In a case where the outstanding demand is disputed before Commissioner of Income Tax (Appeals) or CIT (A), the Assessing Officer can grant stay of demand till disposal of first appeal on payment of 20 per cent of the disputed amount, as per a recent circular of the Central Board of Direct Taxes (CBDT).
Earlier, the threshold for obtaining stay on outstanding demand was 15 per cent of the disputed tax demand.
Giving rationale behind increasing the threshold, the CBDT said after a review it was found that the standard rate of 15 per cent of the disputed amount was on "the lower side" and hence, it was decided to increase it to 20 per cent.
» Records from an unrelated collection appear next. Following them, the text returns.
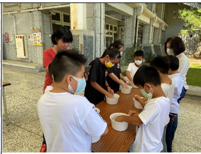
◆本校親師生一同參與愛玉實作
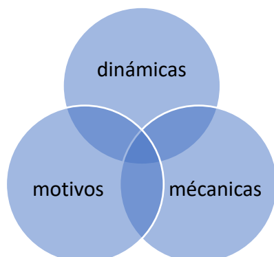
Ilustración 1: Niveles que contienen la estructura de la gamificación, propia autoría basado en (Gené, 2022)

Haciendo una recapitulación de los elementos de diseño de juegos para gamificar que contienen las dimensiones para la creación de un juego
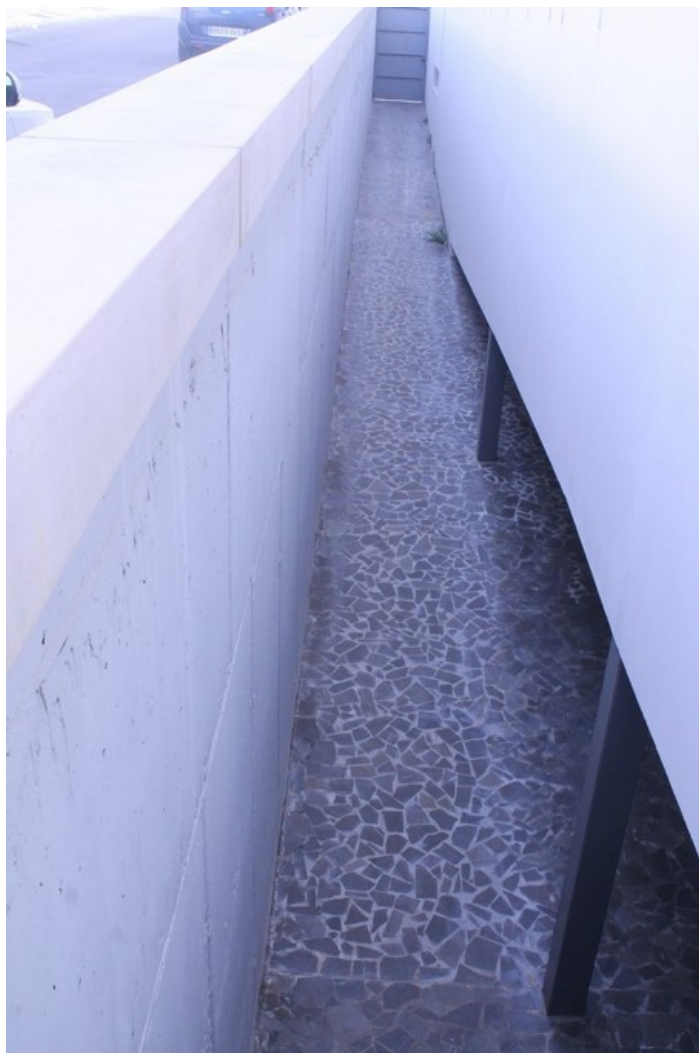
Detalle separaci3n del edificio
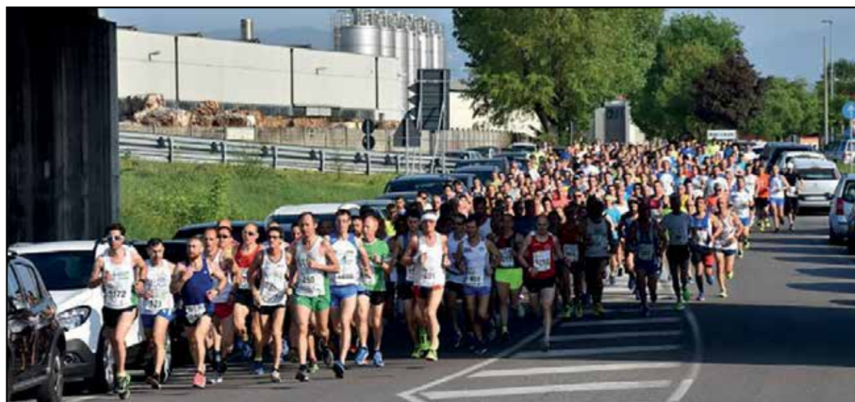
Partenza di numerosi partecipanti alla storica corsa a piedi per le vie di Montichiari.
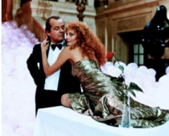
1987 LES SORCIÈRES D'EASTWICK (The Witches of Eastwick) de George Miller avec Susan Sarandon
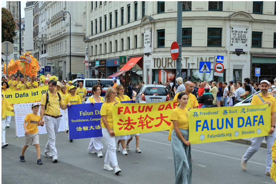
图：奥地利法轮功学员八月三十日在首都维也纳市中心举行游行，从赫尔穆特·齐尔克广场（Helmut-Zilk-Platz）出发，途经国家歌剧院、议会大厦、弗赖翁广场（Freyung）等著名景点。
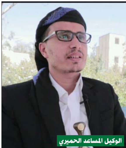
الوكيل المساعد الحميري

ويضيف في حديثه لصحيفة «المسيرة» أن الشعب اليمني هو أحد الشعوب التي تعطي هذه المناسبة المكانة الكبيرة، على غيره من الشعوب، وقد تعود الشعب اليمني أن يجعل من هذه المناسبة محطة إيمانية وتربوية يستفاد منها الاستفادة العملية التي تجعل من الأمة أمة قوية وعزيزة ومستقلة، ولا غرابة فالإيمان يمان والحكمة يمانية، كما يقول رسول الله صلى الله عليه وآله وصحبه وسلم، لافتاً إلى أن اليمنيين يتمسكون بمواقف أجدادهم الأتباع، والذين استجابوا لرسول الله وأولوه الاهتمام الكبير، فاليمينيون اليوم يؤكّدون أنهم الأحقّ برسول الله، وأنهم سيظلون على العهد محبة واقتداء وتولياً لرسول الله، وفي الوقت الذي يشرق فيه الكثير ويغربون، يذهب اليمنيون إلى التمسك برسول الله كخير قائد وقُدوة،
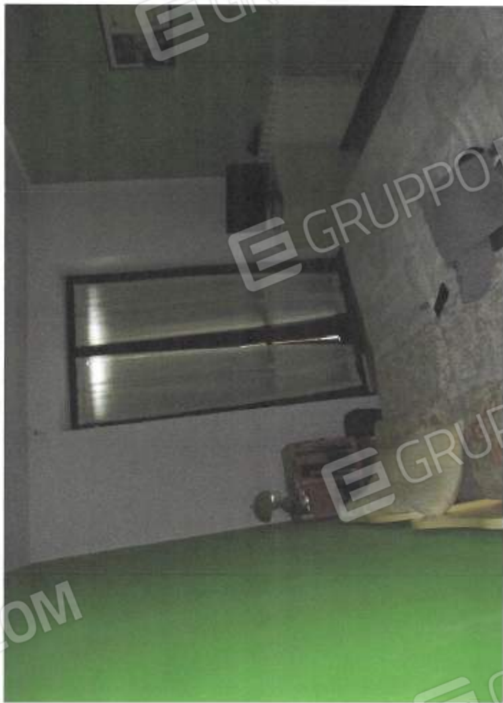
VISTA INTERNA CAMERA
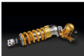
ЗАДНИЕ АМОРТИЗАТОРЫ ÖHLINS

На эти детали не распространяются условия гарантии Kawasaki
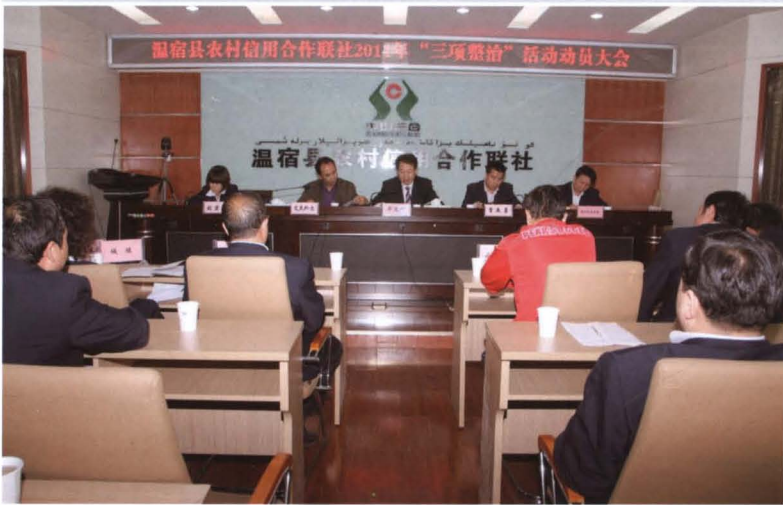
2011年4月16日，县联社召开“三项整治”活动动员大会
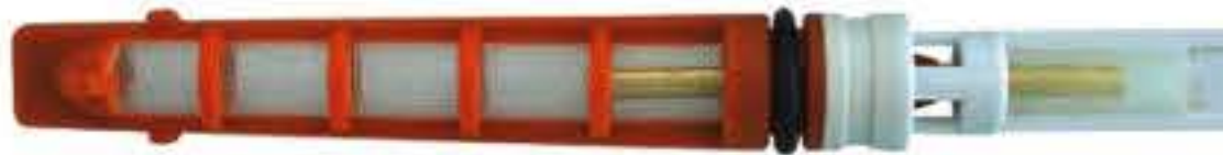
RG-68024 Color:Orange For:Audi Dia:0.057
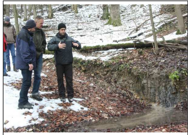
Zustand nach der Umsetzung: Furt nach der Umsetzung (links), Besichtigung bei der Abschlussbereisung im November 2007 (rechts)
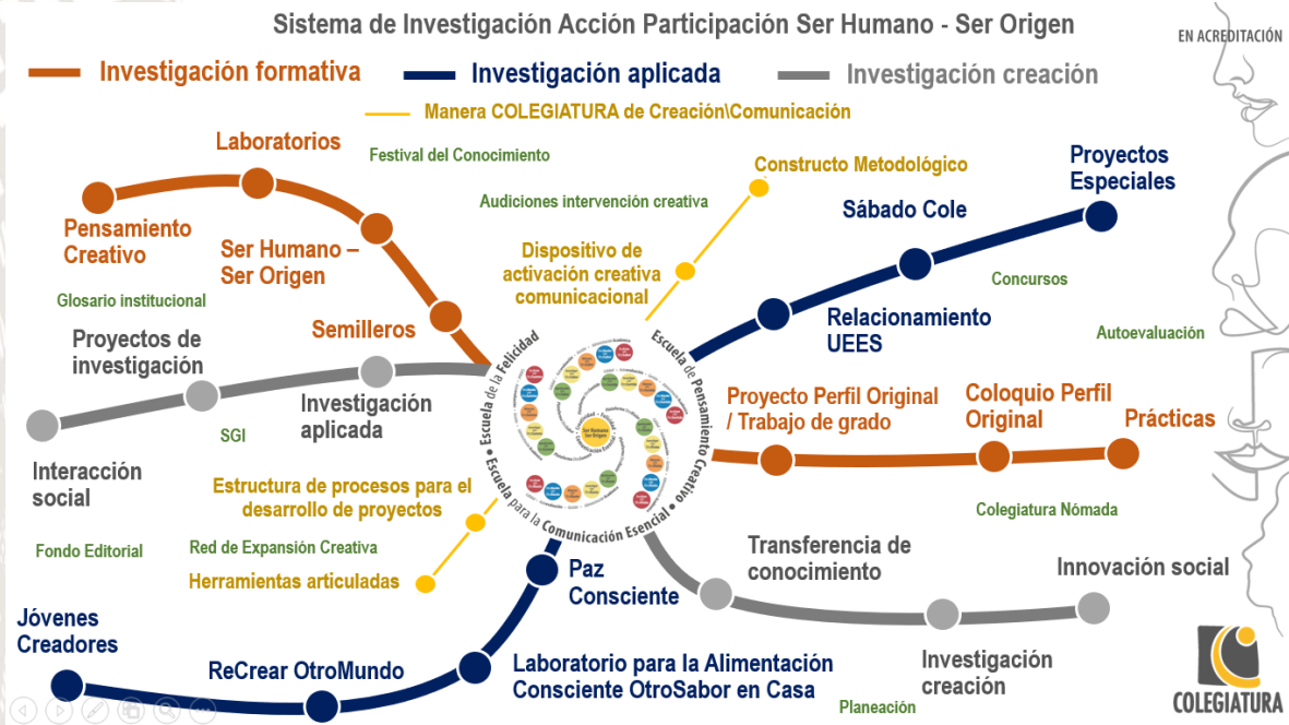
Figura 2 Representación del Sistema de Investigación Acción Participación Ser Humano-Ser Origen
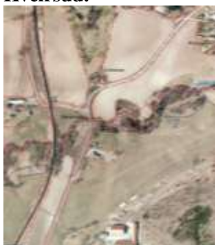
Figur 4: Områder ved Kvelrsud
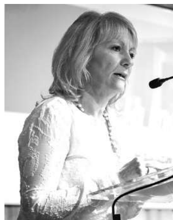
Ministra de Industria, Energía y Minería, Ing. Carolina Cosse.

el proyecto de país productivo que todos tenemos en mente". Por su parte, la Ministra mencionó las iniciativas que ha apoyado el Ministerio, en conjunto también con la Cámara de Industrias, promoviendo la calidad, la innovación, la investigación científica y el
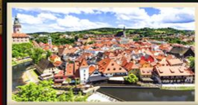
เซสท์คลุมลอฟ
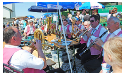
„Genuss pur“ unter Begleitung der Rechberger Trachtenmusikkapelle.
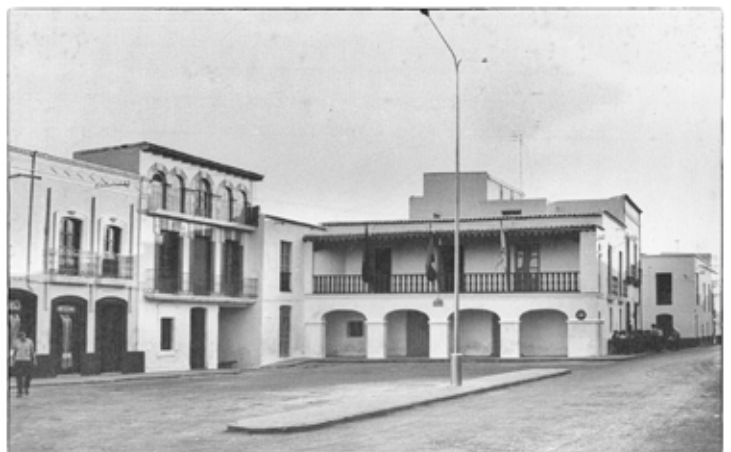
Plaza del Pueblo
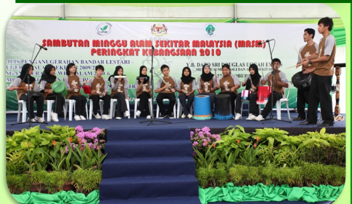
Persembahan hebat daripada barangan terpakai oleh pelajar daripada SMK Jelutong.
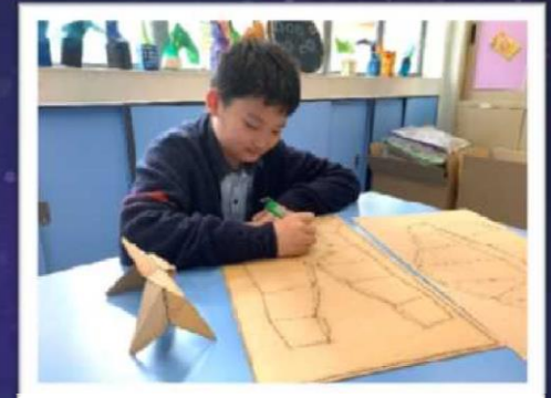
小心地將圖案切割出來

作品以藝術概念為主導，貫徹整個作品系列，而機械科技作用是加強和實踐學生的概念。動物的外型運用了立體幾何去展示，而非寫實外型，理由是幾何課題是學生的已有知識。在製作及組合的過程中，會不知不覺地培養學生對幾何的敏銳度，他們必須理解不同幾何圖形在什麼情況下才可連接合成。
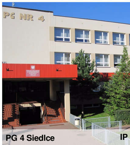
PG 4 Siedlce

Zapraszamy na dni otwarte 27 marca, od godziny 17:00!
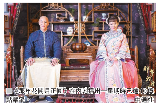
《那年花開月正圓》在內地播出一星期時已達10億點擊率。
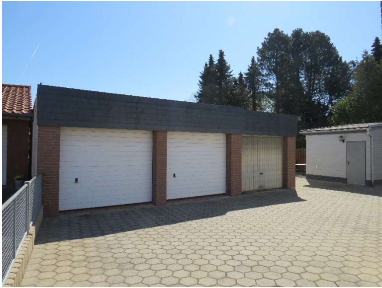
Innenhof mit Garagen
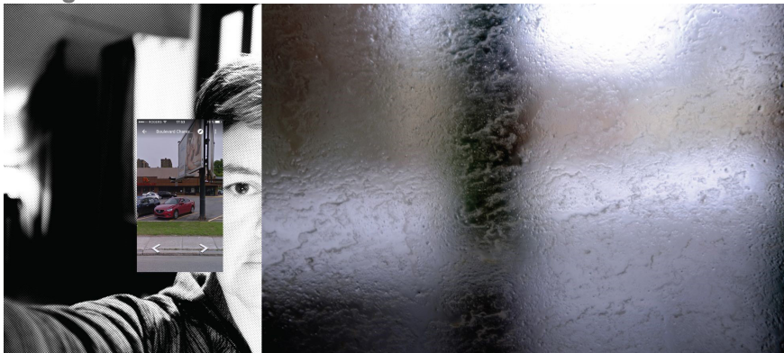
Je suis dans l'autocar, I. Chicoutimi–Québec (capture d'écran 5).
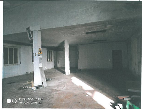
Interno – finiture.
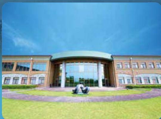
綺麗な設備・開放的空間
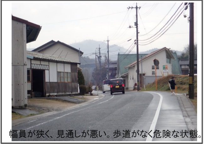
幅員が狭く、見通しが悪い。歩道がなく危険な状態。
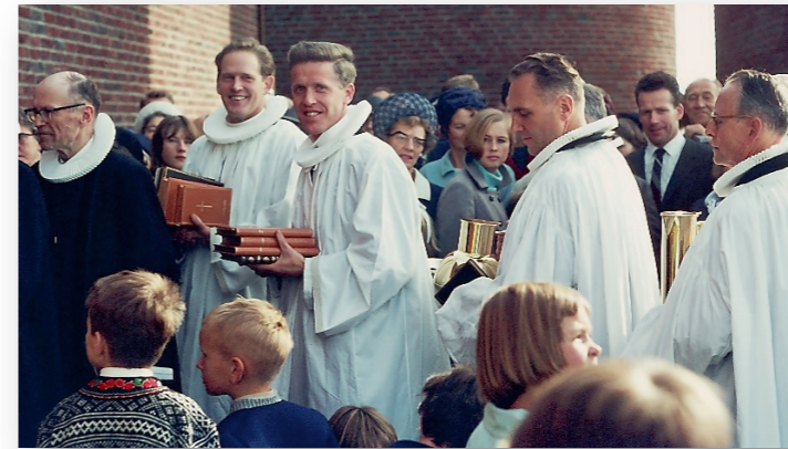
Innvielsen 1. oktober 1967.

I anledning feiringen av Åssiden kirkes 50-årsjubileum i 2017, vil det bli utgitt et jubileumshefte høsten 2018 .
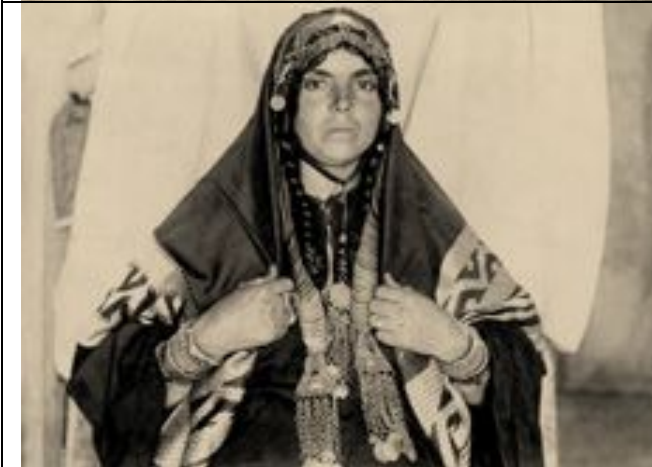
mit ihren Juwelen geschmückte Frau aus Ma'dabā
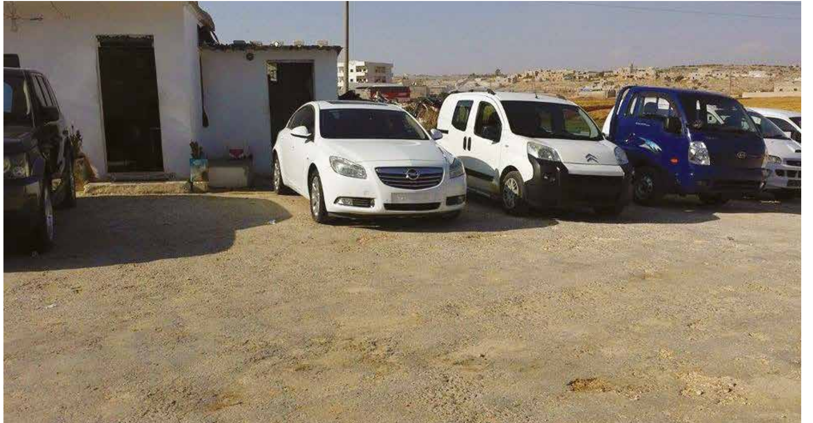
ماتزال السيارات التركية غير مألوفة عند الميكانيكيين السوريين، وتكثر أعطالها بسبب الديزل غير المصفى بشكل جيد (خاص - صدى الشام)

تشهد بلدة سرمداء القريبة من معبر باب الهوى، نشاطا كبيرا في تجارة السيارات المهربة، حيث تعتبر البلدة الصغيرة الواقعة في شمال محافظة إدلب، المركز التجاري الأكبر في الشمال السوري، خاصة بعد إغلاق معبري تل أبيب وجرابلس مع تركيا، وحالة عدم الاستقرار الأمني في معبر باب السلامة بسبب الاشتباكات القريبة مع تنظيم داعش، مما جعل معبر باب الهوى وسوق بلدة سرمداء المركز الأكبر للتبادل التجاري في شمال سوريا، وعلى وجه الخصوص تجارة السيارات.
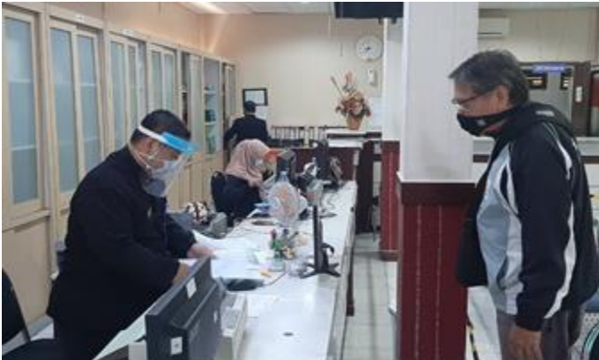
Pelayanan Loker Retribusi Izin Pemakaian Tanah
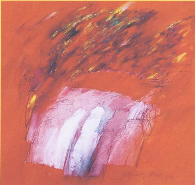
Mehmet Güler, DEINE SONNE, Öl (Original: 140 x 50 cm) 2009

Naveen Wadhwa, DGM, Taxmann.Com opined that the hike in deposits is aimed at reducing the frivolous appeals by taxpayers.
Tax expert with PwC India Abhishek Goenka said the increase in the quantum does not augur well for taxpayers and "if the intention" is indeed to move to a non-adversarial tax regime, then if anything the quantum should have been reduced.
"In any case, where the taxpayer loses on appeal, he is liable to pay interest, and asking for a higher up front payment will cause hardship to many taxpayers, particularly, since there continue to be assessments that are high pitched," Goenka said.
During the 2016-17 fiscal, it resulted in disputed tax effect of Rs 1.92 lakh crore being unlocked in 362 cases, it said.
As per the ministry, the appeals having tax effect of less than Rs 10 lakh amount to around 66 per cent of the pendency of the appeals before CIT (A) and only 1.6 per cent in disputed tax effect.